Placental arsenic concentrations in relation to both maternal and infant biomarkers of exposure in a US cohort
- Journal of exposure science & environmental epidemiology
- Published almost 3 years ago
Arsenic crosses the placenta and may have adverse consequences in utero and later in life. At present, little is known about arsenic concentrations in placenta and their relation to maternal and infant exposures particularly at common levels of exposure. We measured placenta arsenic in a US cohort potentially exposed via drinking water from private wells, and evaluated the relationships between placenta and maternal and infant biomarker arsenic concentrations. We measured total arsenic concentrations in placental samples from women enrolled in the New Hampshire Birth Cohort Study (N=766). We compared these data to maternal urinary arsenic (total arsenic and individual species) collected at approximately 24-28 week gestation, along with maternal post-partum toenails and infant toenails using non-parametric multivariate analysis of log10-transformed data.
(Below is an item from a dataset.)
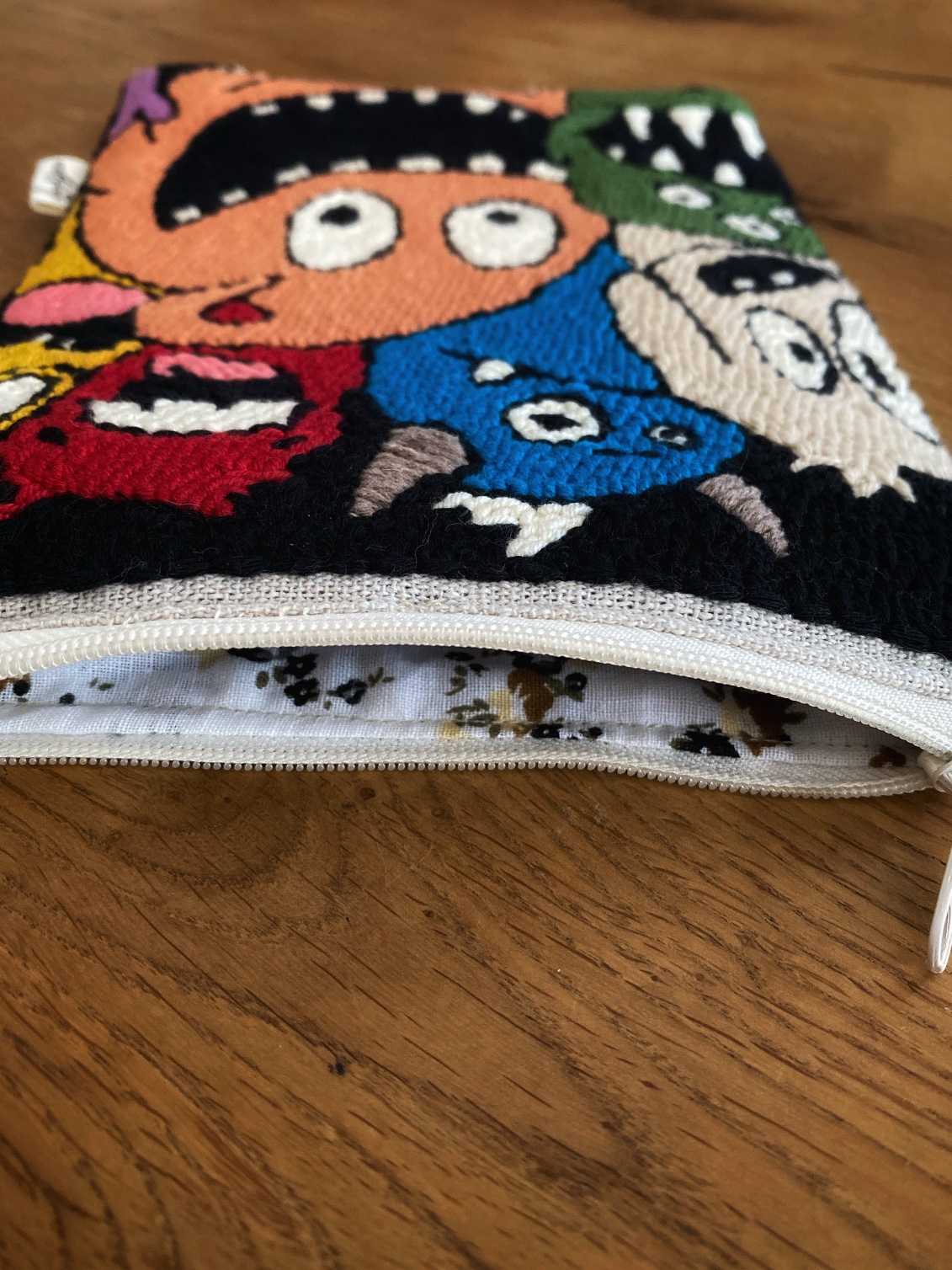 Astuccio con cerniera ricamato in lana su tela in cotone

We also examined the association between placental arsenic and household drinking water arsenic. Placenta arsenic concentrations were related to arsenic concentrations in maternal urine (β 0.55, P value <0.0001), maternal (β 0.30, P value 0.0196) and infant toenails (β 0.40, P value 0.0293) and household drinking water (β 0.09, P value <0.0001). Thus, our data suggest that placenta arsenic concentrations reflect both maternal and infant exposures.Journal of Exposure Science and Environmental Epidemiology advance online publication, 25 March 2015; doi:10.1038/jes.2015.16.